### Problem
Output must consist only of the lines of the material below from the one with "- 몇개의 단어가 입력으로" through the one with "Skład: kurczak, tuńczyk", each reproduced exactly; no pictures belong in it.

### Data to use
┏━━
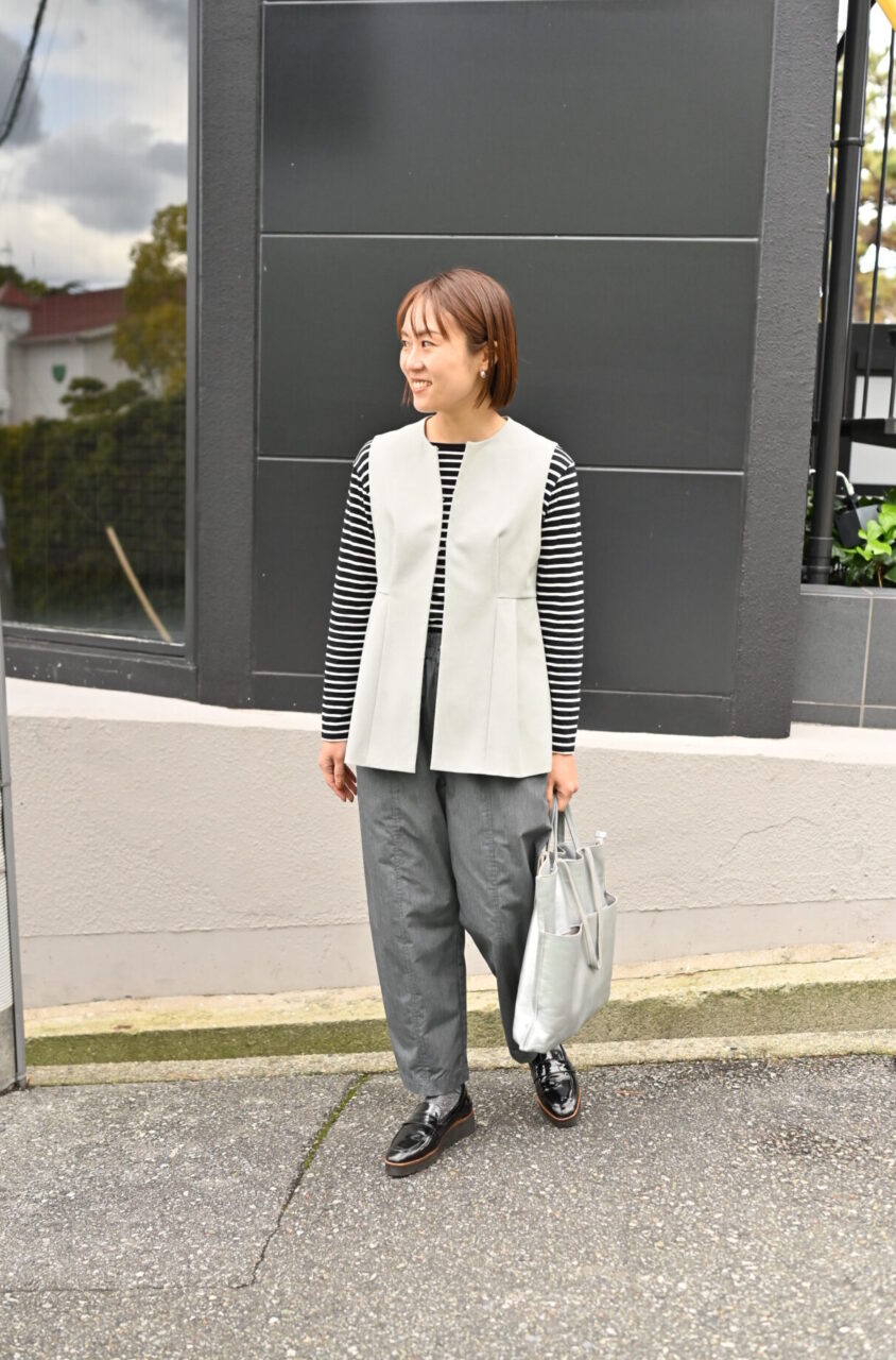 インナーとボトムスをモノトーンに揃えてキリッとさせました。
┗━━
┏━━
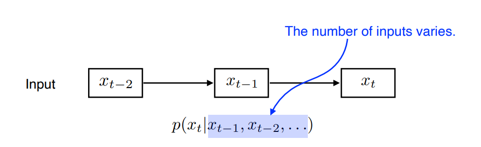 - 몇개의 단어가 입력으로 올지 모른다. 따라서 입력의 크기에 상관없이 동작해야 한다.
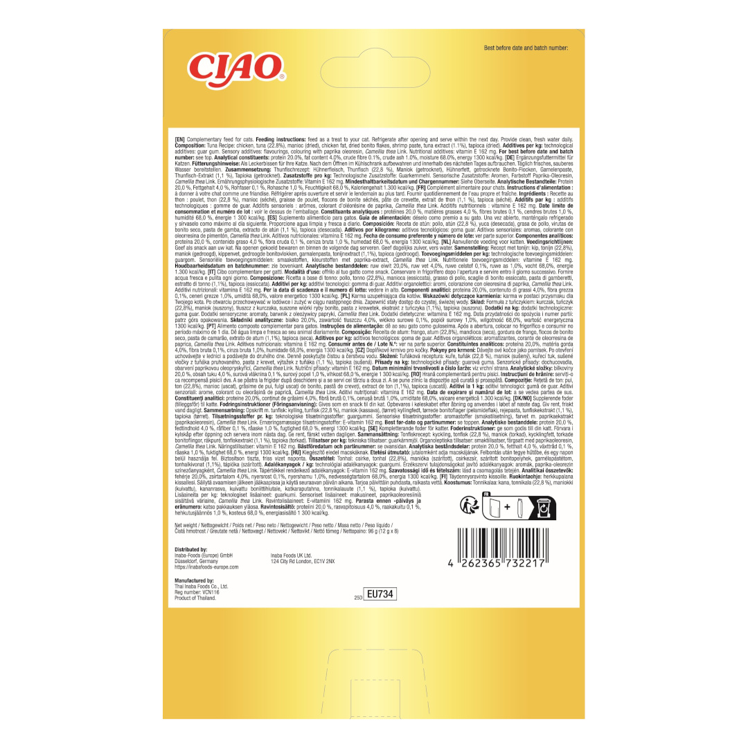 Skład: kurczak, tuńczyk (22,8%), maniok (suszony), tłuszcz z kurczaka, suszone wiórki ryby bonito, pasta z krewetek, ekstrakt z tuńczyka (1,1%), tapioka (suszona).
┗━━
### Your solution
 - 몇개의 단어가 입력으로 올지 모른다. 따라서 입력의 크기에 상관없이 동작해야 한다.
 Skład: kurczak, tuńczyk (22,8%), maniok (suszony), tłuszcz z kurczaka, suszone wiórki ryby bonito, pasta z krewetek, ekstrakt z tuńczyka (1,1%), tapioka (suszona).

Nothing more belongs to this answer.